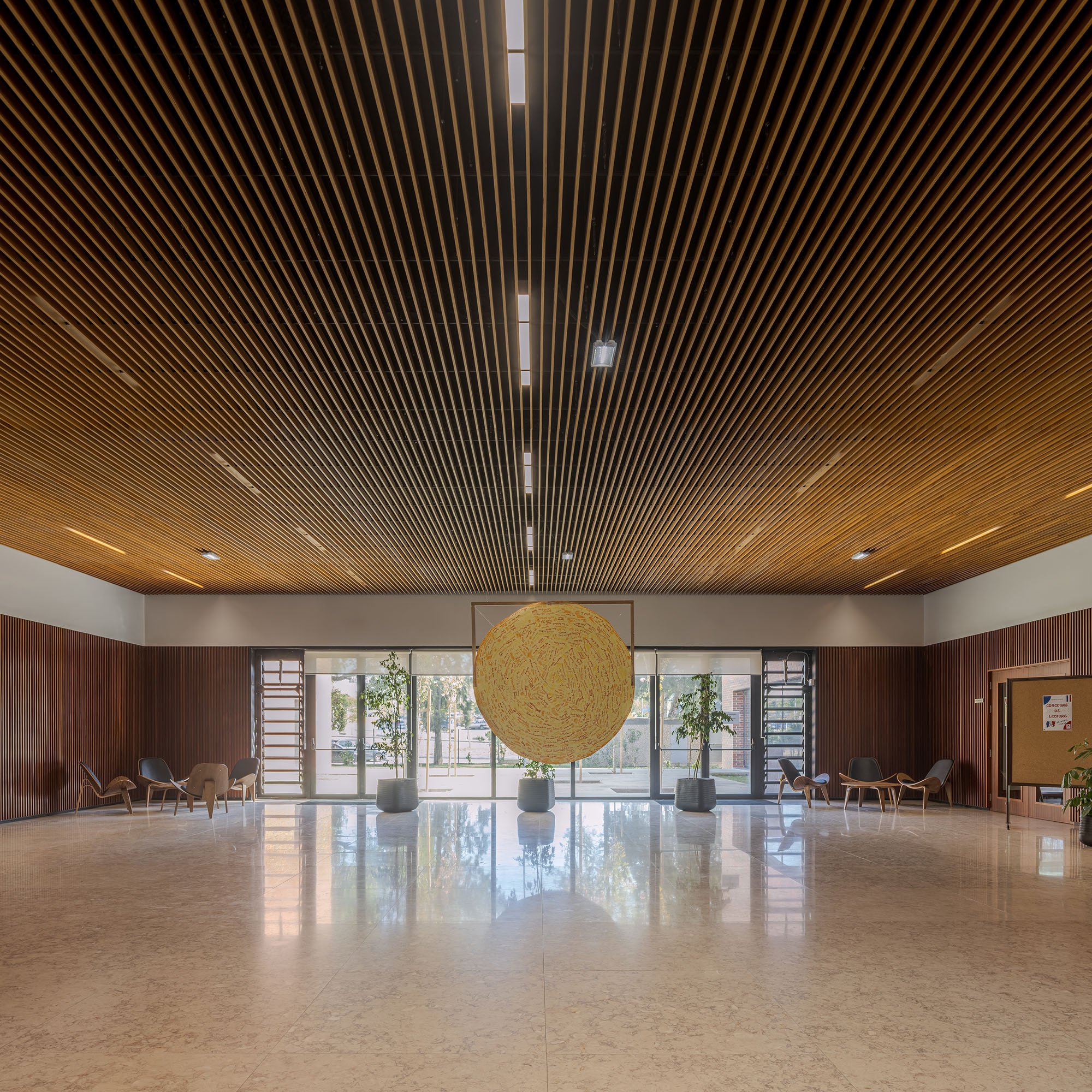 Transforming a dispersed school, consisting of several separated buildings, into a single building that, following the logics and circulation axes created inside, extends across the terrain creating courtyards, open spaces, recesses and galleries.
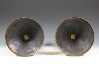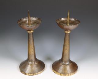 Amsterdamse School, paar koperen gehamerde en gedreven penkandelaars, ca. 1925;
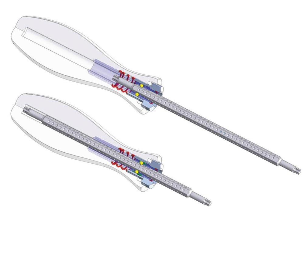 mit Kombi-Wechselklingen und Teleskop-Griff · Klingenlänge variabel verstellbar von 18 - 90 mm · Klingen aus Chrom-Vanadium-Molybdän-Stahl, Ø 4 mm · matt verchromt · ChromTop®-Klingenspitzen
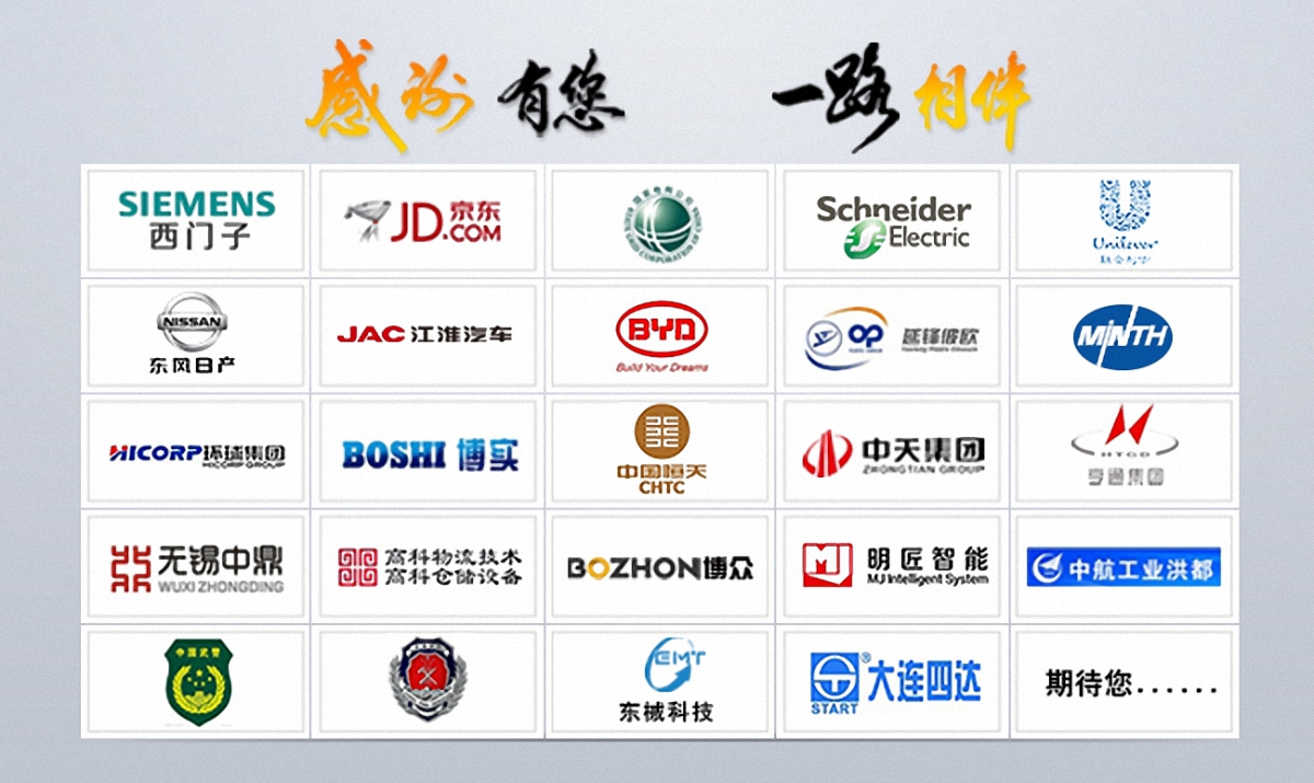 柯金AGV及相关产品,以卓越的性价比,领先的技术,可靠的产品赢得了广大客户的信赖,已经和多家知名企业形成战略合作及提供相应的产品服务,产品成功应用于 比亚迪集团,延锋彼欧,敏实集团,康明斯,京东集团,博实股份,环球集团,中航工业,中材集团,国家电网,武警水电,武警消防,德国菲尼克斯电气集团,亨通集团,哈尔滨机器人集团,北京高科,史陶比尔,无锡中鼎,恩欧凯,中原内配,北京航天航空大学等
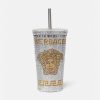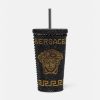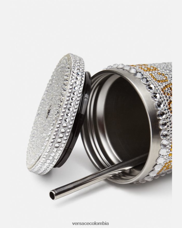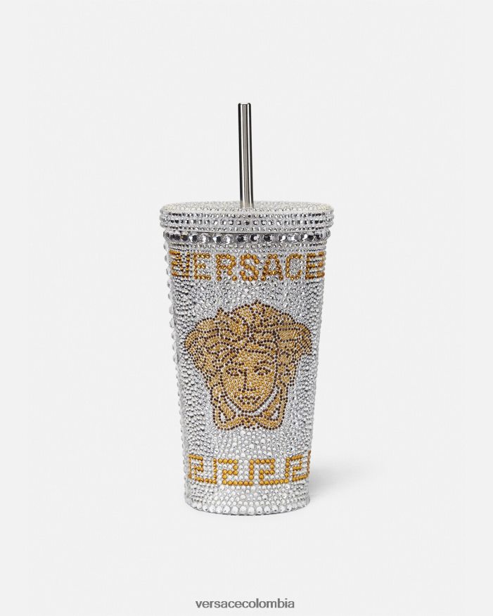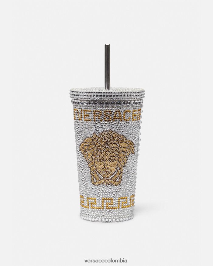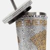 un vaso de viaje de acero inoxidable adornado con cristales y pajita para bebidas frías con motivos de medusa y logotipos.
:::::
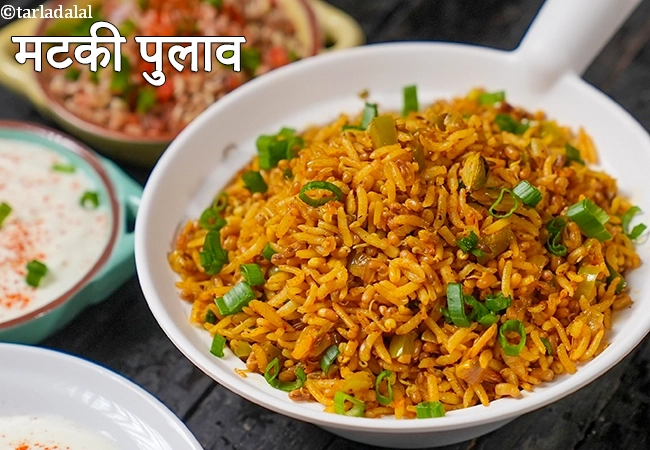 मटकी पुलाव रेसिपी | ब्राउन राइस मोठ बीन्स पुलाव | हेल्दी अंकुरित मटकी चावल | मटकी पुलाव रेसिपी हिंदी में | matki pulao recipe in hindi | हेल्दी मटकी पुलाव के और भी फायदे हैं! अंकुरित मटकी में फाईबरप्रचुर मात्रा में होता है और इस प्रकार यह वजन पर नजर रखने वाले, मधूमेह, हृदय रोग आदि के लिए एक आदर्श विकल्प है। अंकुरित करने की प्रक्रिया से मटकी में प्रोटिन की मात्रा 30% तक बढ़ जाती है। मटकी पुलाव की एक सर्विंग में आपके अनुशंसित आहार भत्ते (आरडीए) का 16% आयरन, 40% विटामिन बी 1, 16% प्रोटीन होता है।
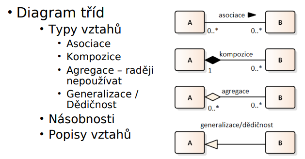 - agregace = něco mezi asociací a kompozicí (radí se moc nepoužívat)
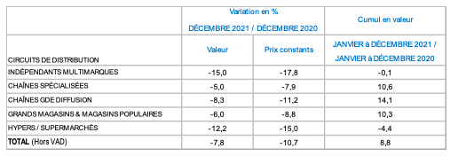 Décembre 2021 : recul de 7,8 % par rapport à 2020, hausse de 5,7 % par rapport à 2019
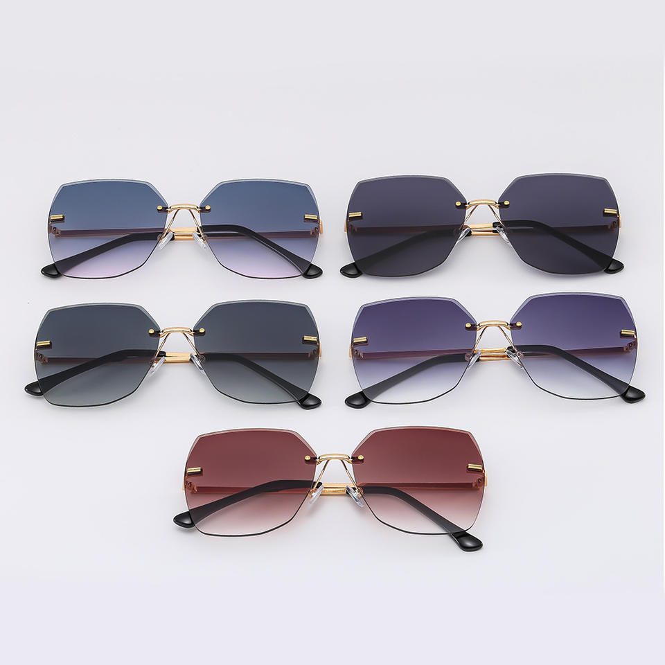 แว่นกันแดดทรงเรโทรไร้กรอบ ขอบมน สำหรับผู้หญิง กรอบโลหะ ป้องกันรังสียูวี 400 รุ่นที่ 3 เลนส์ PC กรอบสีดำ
:::::
Work instructions - Skipping the pictures, print the lines in the listing above exactly as written, starting at the line with "Transforming a dispersed" and ending at the line with "Amsterdamse School, paar", both included.

Exercise response -
 Transforming a dispersed school, consisting of several separated buildings, into a single building that, following the logics and circulation axes created inside, extends across the terrain creating courtyards, open spaces, recesses and galleries.
 Amsterdamse School, paar koperen gehamerde en gedreven penkandelaars, ca. 1925;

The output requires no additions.